The noble and learned Lord made a great point of the fact that if this Bill goes through, damage will be done to the amenities of the Lake District; that in due course the public will be excluded, certainly from the borders of the lakes, and that, whatever undertakings may be given by the present Council, they will not be observed, judging by past experience, and, in any event, these undertakings are not binding on future Councils. But is it not possible to provide built-in assurances in the Bill itself? May I make one suggestion which might possibly meet the noble and learned Lord's difficulty? Supposing it were provided in the Bill that there should be no interference with the right of access of the public except with the consent of, say, the National Parks Commission and that, in the event of any dispute, that dispute should be settled by the Minister. Would that not be an effective way of ensuring that the public were not deprived of the right of access to this lake? At any rate, something of this kind could be provided for in the Bill itself to make sure that nothing in future was ever done merely by the ipse dixit of the Manchester Corporation itself.

I have dealt with merely some of the points, but I hope that I have sufficiently impressed upon your Lordships that this is not a matter which can be dealt with just in the course of a few hours' debate on statements of noble Lords, and particularly on statements of noble Lords who admittedly have a love for the Lake District and an interest in it, but who are not prepared to give the matter the consideration which I think an important subject of this kind ought to receive. I do not dispute the fact that the procedure of the noble and learned Lord is perfectly regular and that it has been adopted in the past. He is not offending against the custom of the House. But I think that to accept this instruction, while not offending against the custom of the House, would be offending against the sense of fair play and justice which everyone expects from this House. It would be judging a cause before the facts had been established. This House would be making a decision—and I hope that I do not say this at all offensively—largely on the advocacy of the noble and learned Lord, and everybody knows that that is very powerful, indeed.

I feel that before we finally take a decision, we ought to have as many of the facts as it is possible to elicit before us. The suggestion of the Chairman of Committees, Lord Merthyr, will give us that opportunity. If the House is so minded, after it has all the facts, it can take exactly the course that we are being asked to take to-day. If, in spite of all the facts that are brought out, the House feels that we ought not to allow Manchester the right to take the water from Ullswater, then there is no reason at all why noble Lords who come from the Lake District should not make another journey to the House and speak their minds on that occassion.

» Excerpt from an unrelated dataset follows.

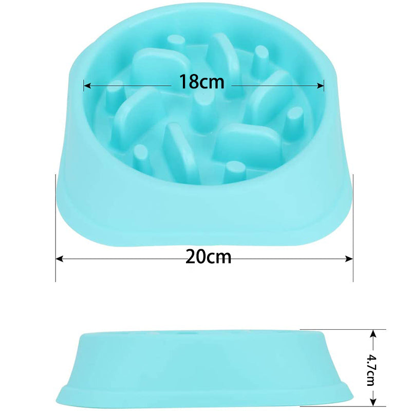 - Size and design:pet slow feeding bowl diameter:Bottom diameter:20cm. Height:4.7 cm. Can accommodate 1 1/2 cups of food. Suitable for medium and small dogs.

In conclusion, may I say that I read with great interest the letter of the noble Earl, Lord Woolton, in The Times?—and I agree with a great deal of it. I thought that he made a complete case for what I am urging now—namely, that there are a great many matters that require investigation. I think that the best way and the fairest way to carry out this inquiry is to allow this Bill to have its Second Reading, let it go to the Select Committee, and then let it come back to the House with the Report of the Committee and with the right of the House, if it so desires, to strike out the objectionable Part.

4.48 p.m.

LORD REA

My Lords, the case in opposition to the Part of this Bill which seeks authority to utilise certain parts of the Lake District for the increase of the water supply to the City of Manchester has been most eloquently put by the noble and learned Lord, Lord Birkett, and will doubtless gain force from many of your Lordships who are yet to speak. I think that it is obvious that there are no Party loyalties or affiliations involved here: all of us: as I do for one, speak entirely for ourselves and not for our Parties. In addition to the advocacy still to be heard in this Chamber to-day, there is, I think your Lordships will agree, a truly formidable array of public and private bodies who are lined up in most deeply sincere opposition to Part III of this Bill. No doubt many of your Lordships have received literature from a number of these bodies, asking for your support in their deeply felt antagonism to Part III, and who, like myself, have found it quite impossible not to he impressed by the weight of authority which the bodies carry.

Among the eighteen organisations mentioned by the Lord Chairman who are united in their objection and apprehension it is very striking that no fewer than ten of what I would call the senior and representative ones, including both of the county councils involved, those of Cumberland and Westmorland, the National Trust, the Water Boards and the Council for the Preservation of Rural England, have decided to petition against the Bill in Parliament and to he represented by counsel, as they say, "at all stages, whatever the expense involved". That is taking a very strong stand.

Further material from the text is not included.